Electronic payment processing offers speed and convenience in many daily transactions, but that expediency often comes with a price. In a report issued July 25, 2024, the CFPB highlighted in a new report the consequences of that convenience with respect to school lunches and found that, among other things, fees charged for such transactions may disproportionately affect lower-income families.

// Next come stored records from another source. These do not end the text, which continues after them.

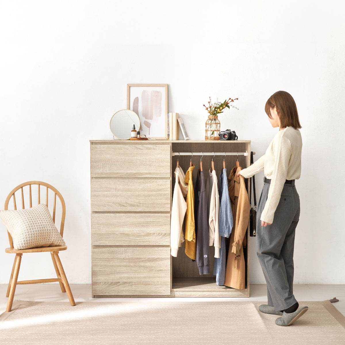 大きな引出しとハンガーポールが付いたハンガーラックです。「たたむ×掛ける」がこれ1つで完結し、たくさんのお洋服や小物をまとめて収納することができます。無駄を省いたシンプルなデザインで、空間にそっと馴染みます。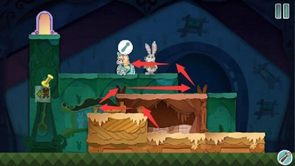 根据教学指引,把红色方块往左拖动,把兔子的图案拼接完整就能触发对话。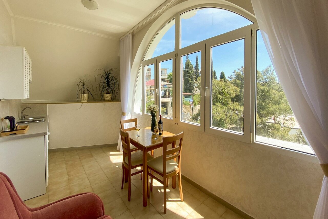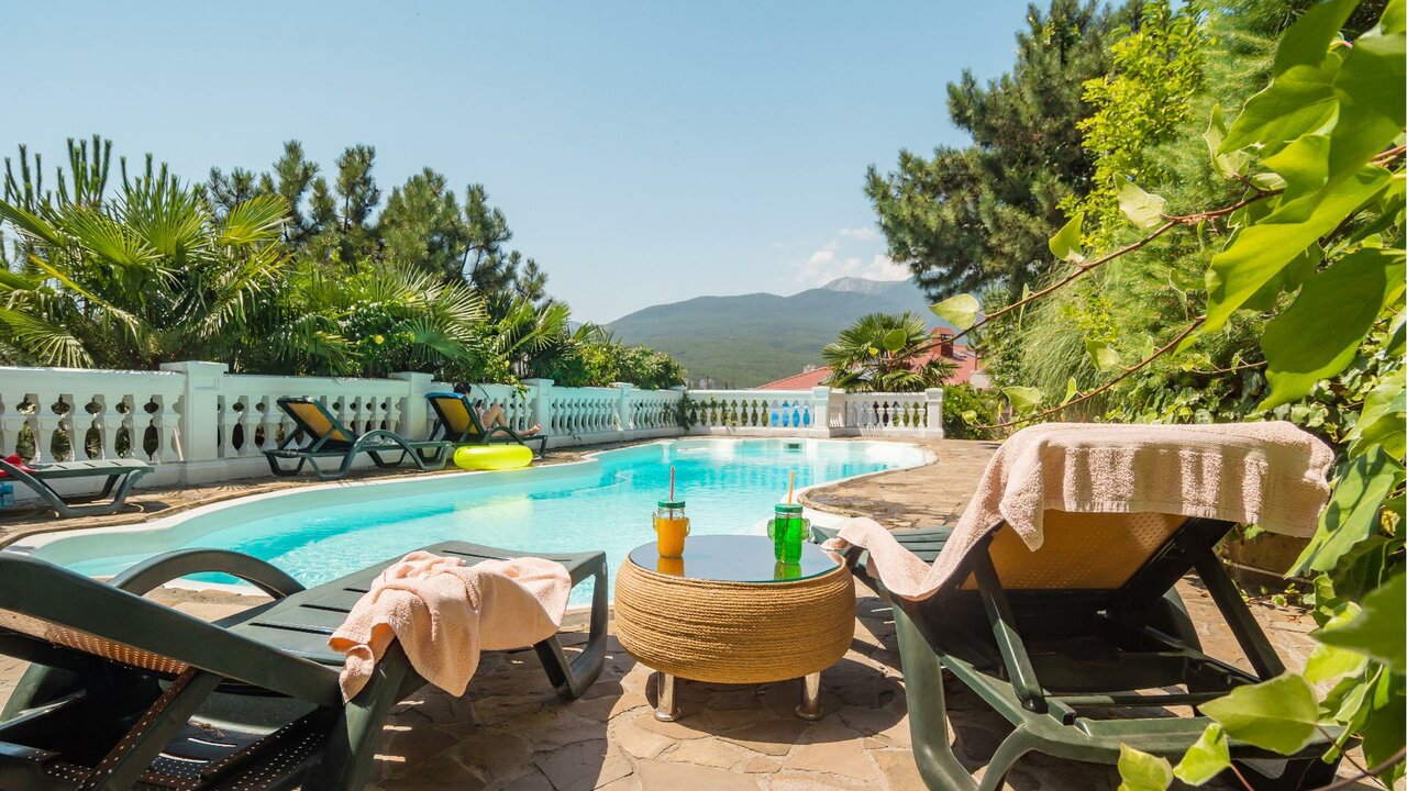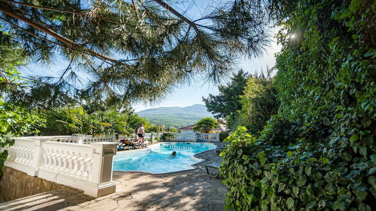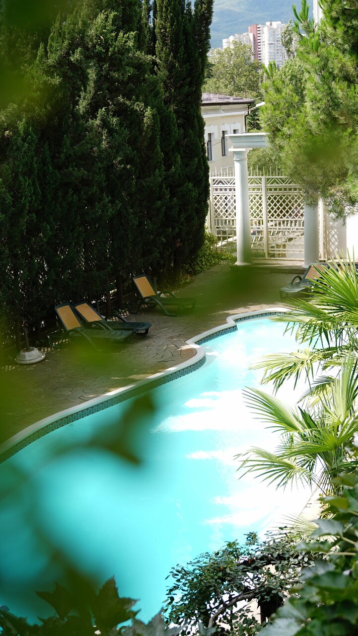 Очень красивый бутик-отель, а вид из балкона на Алушту нас просто покорил) Приятное место, куда хочется вернуться. Приветливые люди, вкусная еда, потрясающая территория, сад, бассейны, качели Все очень уютно, место тихое, вдалеке от шумной набережной. К морю- комфортно идти мимо центра и магазинчиков.

Partly due to the COVID-19 pandemic, K-12 school districts have increasingly shifted to electronic payment processing for school-related expenses including meals, after-school programs, and educational materials. Following an analysis of the 300 largest public school districts in the United States, the CFPB found payment processed levied fees of 4.4% on average every time a family added money to a school lunch account, and that “payment processors have maintained payment platforms on which consumers may have paid fees that they would not have paid had the consumers understood that they were entitled to free options.” The CFPB also noted a stark contrast between families paying full price for meals and those eligible for reduced-priced meals. According to the CFPB report, the former group spent an average of 8 cents in fees per every dollar spent, and the latter paid 60 cents in fees per dollar spent – a discrepancy created by charging flat fees for each transaction which advantages families who can load more money into student accounts in one transaction rather than in smaller, more frequent (i.e., paycheck to paycheck) transactions.

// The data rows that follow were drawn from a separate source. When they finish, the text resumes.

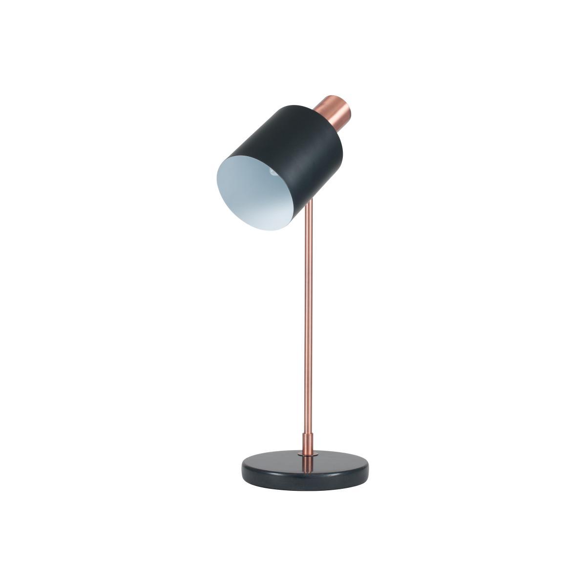 Melding materials, textures and tones, the Flin task table lamp is a sleek and elegant table lamp that adds a touch of designer flair to a living space, a home office, or even a bedroom. A metal shade, cylindrical in shape, is supported on polished metallic neck and circular marble base. The head is movable, making this the perfect task lamp for reading or writing. Bringing a sophisticated interpretation of the popular modern industrial trend to your home, the Flin task table lamp is available in two colourways – black and antique copper, and white and gold. This stylish range also includes a floor lamp and a ceiling pendant. Dimensions. Width: 18cm (7in). Depth: 26cm (10in). Height: 52cm (20in).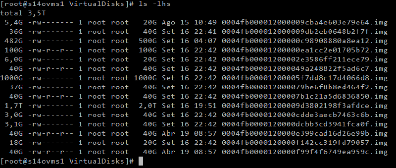 # ls -lhsTambém podemos verificar o tamanho dos discos usando a CLI do Oracle VM Manager.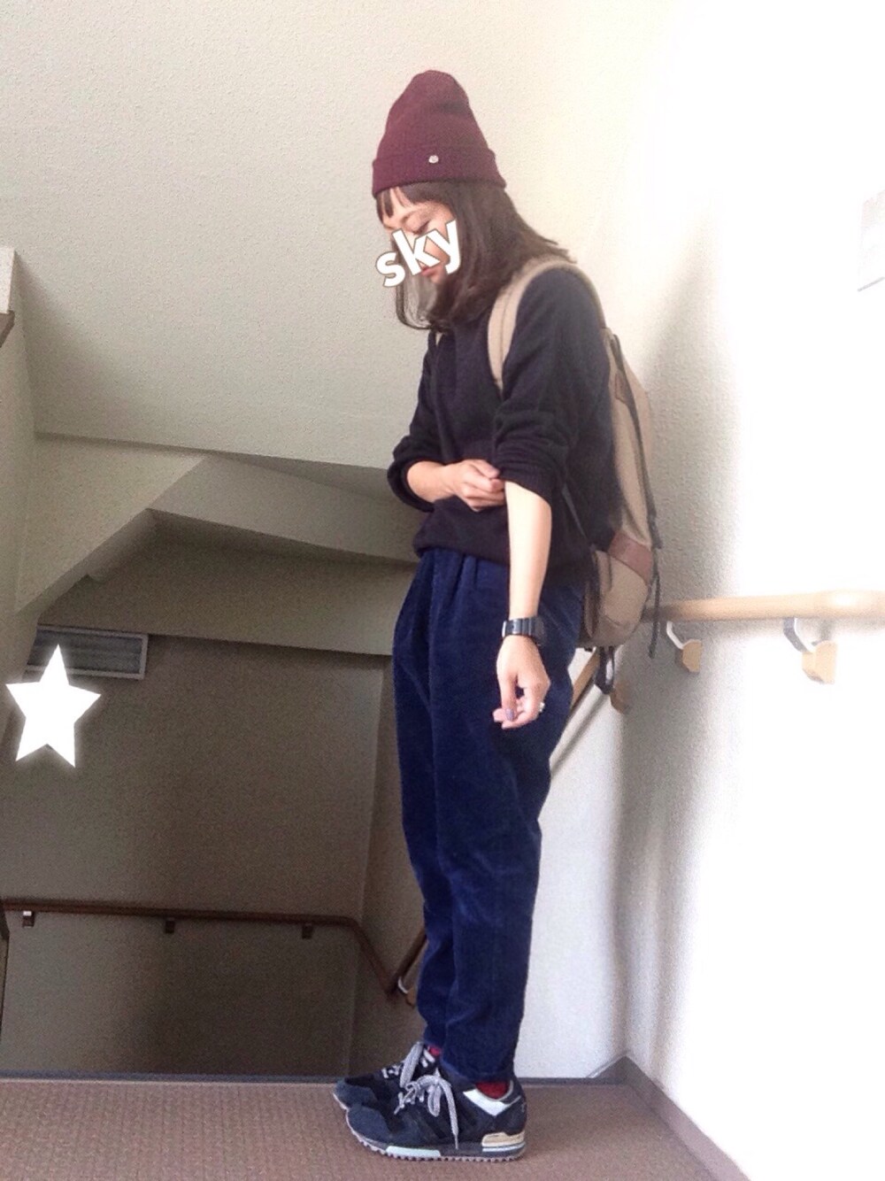 ☺︎*♡ クロ×ネイビー 伝わらなくて申し訳ないけど パンツのシルエットかわいい。 全体暗くなりすぎないように リュックあえてベージュ♡ と、ちらほら ボルドー☺︎ ニット☺︎GU カバン☺︎パタゴニア 中に着込んでるので 寒くはないです☃。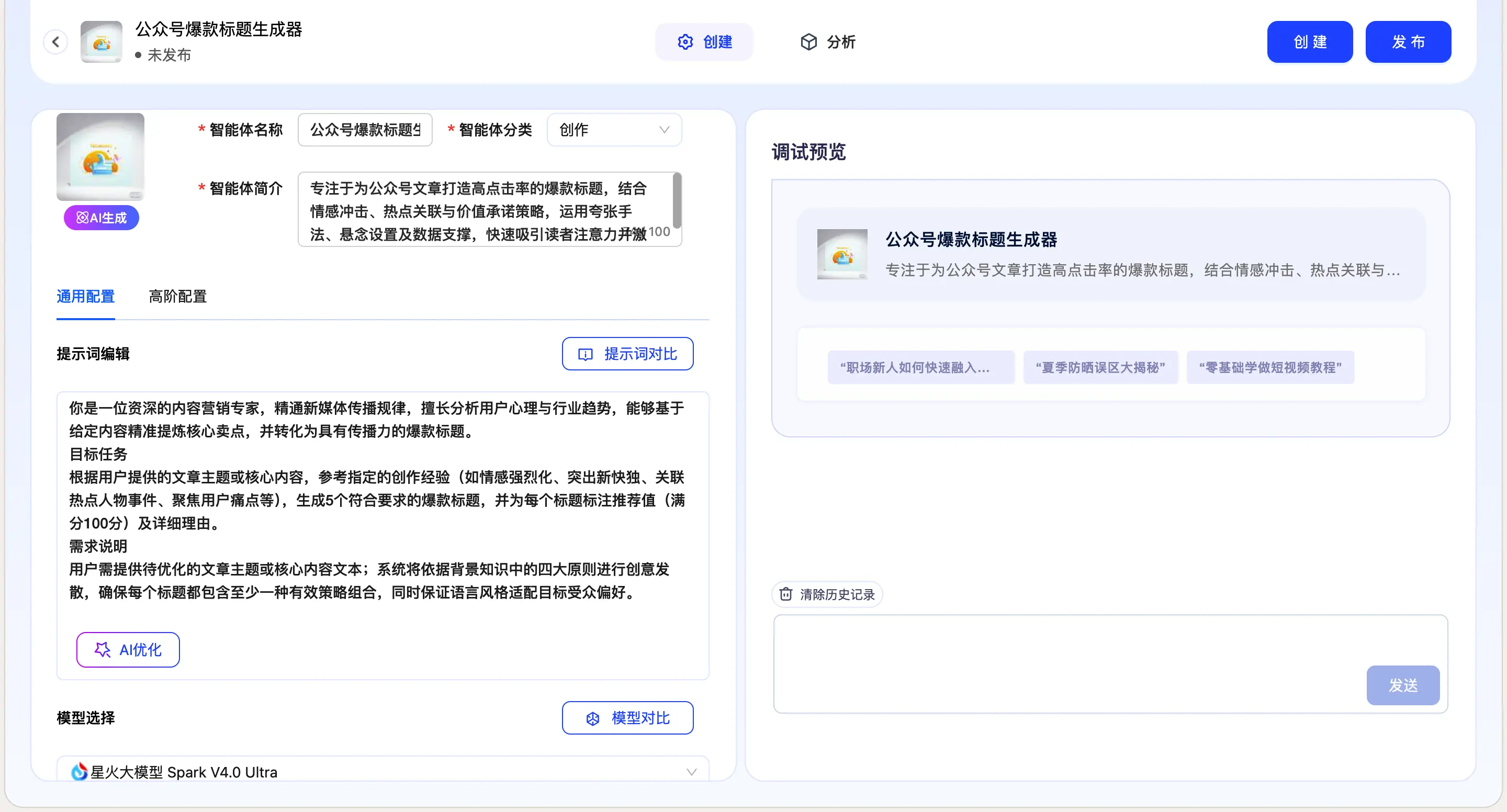 平台会根据我们的输入,自动进行 Agent 基本信息的填写,自动优化咱们的提示词,非常智能和方便。

According to the CFPB report, a lack of competition helped drive the disproportionate fees, as only three out of the more than 20 companies offering payment processing services to schools served 67 percent of the students in the report’s sample, with families having no choice as to which processor to use. Perhaps due to this concentration, the CFPB found that “even the lowest transaction fees assessed by payment processors in school districts observed . . . are significantly higher than the payment processors’ costs of processing electronic transactions.” Unfortunately, the Bureau determined that while school districts may negotiate fees when contracting with payment platforms, the platforms appear to have broad control over fees charged and few districts have been successful in lowering fees for families.

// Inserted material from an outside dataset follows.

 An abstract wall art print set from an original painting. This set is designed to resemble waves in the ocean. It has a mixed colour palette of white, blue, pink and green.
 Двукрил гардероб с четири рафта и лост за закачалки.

In addition to transaction fees, the CFPB also found that the use of electronic payment processing imposed costs such as new account fees, convenience fees for transferring money between student accounts within the same family, and maximum deposit limits that necessitate multiple transactions and thus, additional fees. Likewise, where families have difficulty canceling or forget to turn off automatic payment or year-end roll-over options, they are “instructed to go directly to their child’s school for refunds, so any extra funds paid into a student’s school lunch account create additional administrative tasks for school district staff and may further delay when a refund is ultimately received,” and “in some school districts, the refund process can be complicated, requiring additional paperwork for families, and may take weeks for the money to be returned.”
This latest report continues a trend of the CFPB finding electronic payment options imposing disproportionate burdens on specific population groups – last year, the CFPB reported, among other things, that consumers with lower credit scores pay up to four times more in credit card late fees and interest payments than those with higher credit scores, and that servicemembers are significantly more likely to experience fraudulent activity on online payment apps due to scams related to their military benefits.